Le gouvernement haïtien a organisé, samedi, des funérailles officielles pour les 17 victimes de l’accident survenu au Champ de Mars, lors du passage du char du groupe BariKad Crew le deuxième jour du carnaval national, le 17 février dernier. Des milliers de personnes ont pris part à ces obsèques, dont le président de la République, Michel J. Martelly, son épouse, le Premier ministre Evans Paul et plusieurs artistes

Il est 7h30 du matin. Le Champ de Mar – est en noir et blanc. Un long silence s’étire.

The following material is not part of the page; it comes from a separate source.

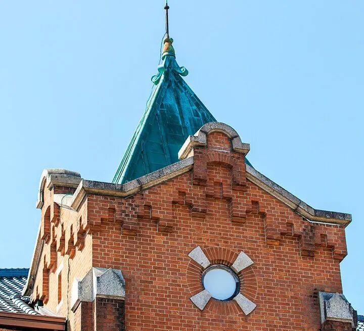 大楼的中心是一个带有绿松石镀铜屋顶的尖顶吗,尖顶顶部安装了避雷针,二楼顶部可以看到一个圆形窗户,上面有漂亮的花岗岩装饰。

Des milliers de personnes s’apprêtent à assister aux funérailles des victimes du deuxième jour du carnaval national survenu le 17 février 2015 à 02h48, lors du passage du char du groupe musical Barikad Crew.

Dix-sept cercueils, recouverts du drapeau national, sont alignés sur le stand présidentiel, pas trop loin de l’endroit où s’est produit le drame, pour des funérailles officielles. Des gerbes de fleurs et des photos accompagnent les bières drapées qui n’ont pas été ouvertes pour une dernière fois. « Dans le bonheur comme dans le malheur, nous sommes tous Haïtiens », pouvait-on lire dans les banderoles accrochées à la tribune et dans les maillots de certains sympathisants affligés.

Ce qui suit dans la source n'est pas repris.